Each year since 2001 the last Sunday in April has been designated World Pinhole Day. The website www.pinholeday.org is the place to go. The rules are simple: submit one lensless photograph per person, taken on the Sunday. There has been a workshop run at Photospace every year of WPHD, the first one run by Eddie Shaw, then Mark Marriott and I took over when Eddie moved back to England. Being in New Zealand, we get the jump on the rest of the world timezone-wise, usually getting the first photos on the exhibition site. This year is no exception. I can’t help wondering if the wonderful, dedicated people who run this website/event are getting a tiny bit sick of us. “[Groan] Oh Christ, not those guys again.”
Anyway, the whole pleasure of partaking is in creating a photograph with a camera you’ve made yourself (we use Pringles cartons, the small ones) and developed in the darkroom. The first time I experienced this myself, in 2001, coincided with the arrival of a new digital camera (the second one - the first having been pressed into service in 1999) for the photography business and trying to figure out how to run the thing. Making a camera out of a Planters cashew nut tin and getting a perfectly sharp, well-exposed and still interesting photo out of it was a real buzz, and in complete contrast to wrestling with the new digi.

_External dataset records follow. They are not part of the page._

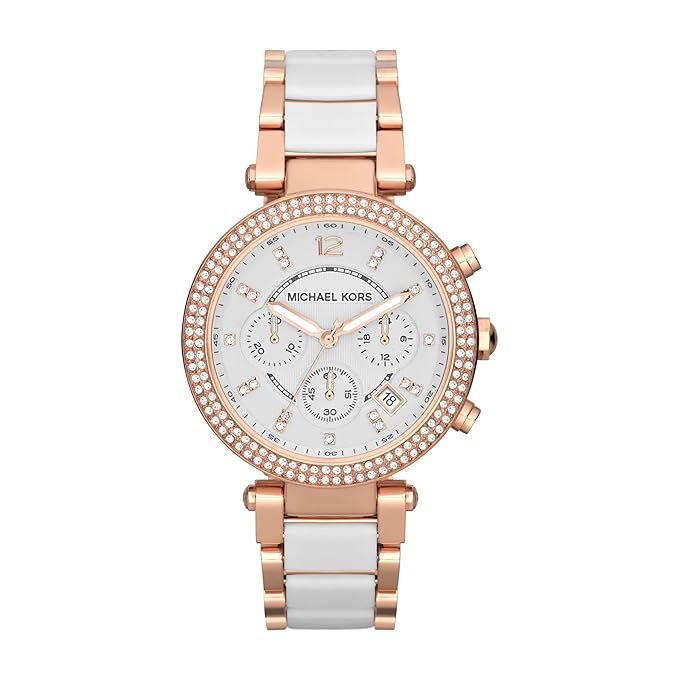 The Michael Kors Parker Watch showcases impeccable attention to detail. Featuring a chic white dial set against a dazzling rose gold-tone casing, this piece exudes a versatile charm. The delicate accents of crystal embellishments around the bezel amplify its beauty, making it a statement accessory for any occasion.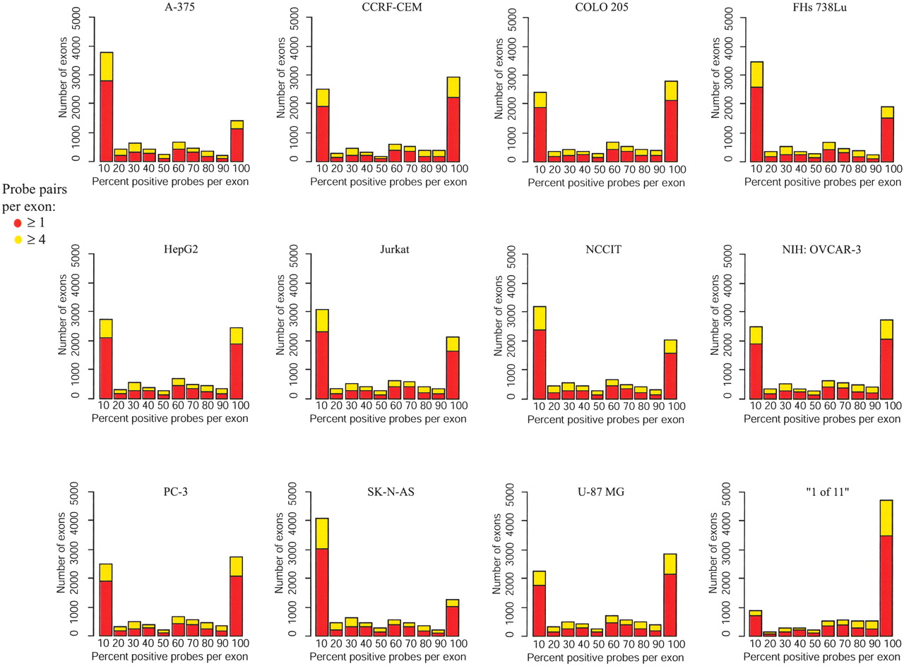 Distribution of positive probes in exons. The distribution of the percent of positive probes in exons is plotted by cell line as well as for the “1 of 11” map. The red bars represent all interrogated exons, and the yellow bars represent exons that contain four more interrogating probe pairs.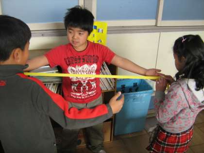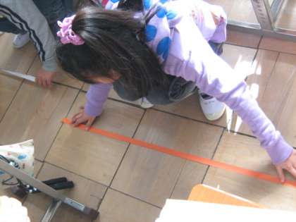 自分の体を使って予想したり、教室の床のマス目を使って予想したり、たくさん考えながらの活動です。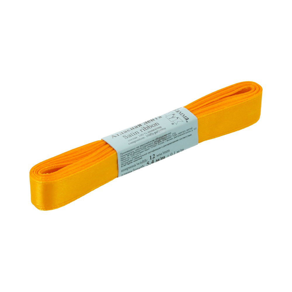 Лента атласная 12 мм ( 1/2 ") "Gamma" ФАСОВКА 5.4 м №021 оранжевый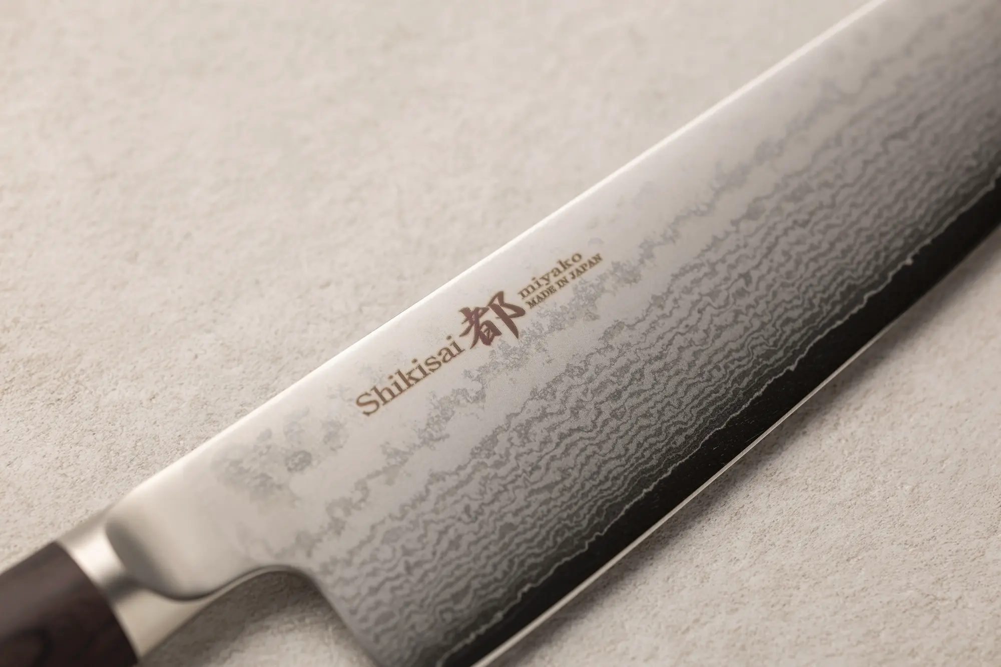 Shizu Hamono je japonska kovačija z dolgoletno tradicijo, ki izvira iz mesta Seki. Podjetje je bilo ustanovljeno leta 1980 in temelji na bogati dediščini kovaštva, ki v tej regiji sega vse do 12. stoletja. S ponosom poudarjajo, da njihovi vrhunski obrtniki združujejo bogato zgodovino in sodobne kulinarične trende, oblikujejo in ostrijo kuhinjske nože, ki so hkrati estetsko dovršeni in uporabni za današnje potrebe. Vsak nož je podvržen strogim in najnovejšim standardom kakovosti – izdelujejo ga skupaj z natančnimi internimi navodili za pregled, da zagotavljajo popolnost pri vsakem izdelku. Ker zaupajo v ta sistem, trdijo, da so njihovi izdelki vrhunski . Shizu Hamono je znan po tem, da še vedno ročno brusi in polira rezalne robove svojih nožev. Ta postopek omogoča ostrost in trpežnost, ki je pogosto presega tovarniško avtomatizirane alternative. Njihovi noži združujejo japonsko estetiko in evropsko uporabnost. Uporabljajo visoko kakovostna jekla, med drugim VG10 pri seriji GEN in AUS8 pri seriji Yuri. Poseben poudarek dajejo tudi vizualnemu učinku, kot je kuro-uchi zaključek – temna oksidacija, ki rezilu doda karakter in pristno japonsko noto. Med najbolj prepoznavnimi linijami podjetja so serije GEN, Yuri in Miyako. Serija GEN je znana po VG10 jeklu, črnem zaključku in elegantnem videzu, ki združuje tradicionalno in moderno. Yuri ponuja nekoliko lažje nože z AUS8 jeklom, tankim profilom in klasičnim japonskim ročajem, kar je odlična izbira za tiste, ki iščejo kakovost po dostopni ceni. Miyako pa izstopa z 33-slojnim damaščanskim vzorcem, AUS8 jedrom in hibridnim ročajem iz pakkawooda. Serija združuje japonsko estetiko z vsakodnevno uporabnostjo – noži so trpežni, enostavni za vzdrževanje in priljubljeni tako med domačimi kuharji kot profesionalci.

The technology employed is 19th century (well, mid-20th, since we use resin-coated silver-gelatin paper for a negative) and the thinking much older. The camera obscura (described in the 5th century) vastly predates the photographic negative (William Henry Fox Talbot, 1830s) and the observation of light coming through a small hole into a dark room (or cave!) and creating a projected image of outdoors, reversed and inverted, is probably prehistoric.
The pleasure of doing something with photography that is hands on is, for me, greater than using a computer-driven hunk of plastic that is today’s digital camera, moving the image into a computer (more plastic) and then to a website. The digital image often never hits the ground; that is, it never has a material existence, so there doesn’t tend to be the associated strong feeling of having created something oneself; technology dilutes this feeling, perhaps because so much of the work has been done by others.
I guess I sound a bit old school here, but most people who do our workshops have never done anything except digital photography, and they get a huge buzz out of making the camera, discovering the characteristics of it and developing their own images in chemicals. The most common feedback is, ‘You wouldn’t believe you could take a photo with something as simple as this.’
Obviously there has to be some restriction on the size of the images stored on the www.pinholeday.org 2008 gallery pages, so you can’t really see the detail recorded. For example, in Bethany Campbell’s image (#5 ) the writing on the Sweet Mothers Kitchen sign is clearly readable in the original print.
And there are some fine photos taken using a pinhole on the front of a digital camera, but really… it’s cheating.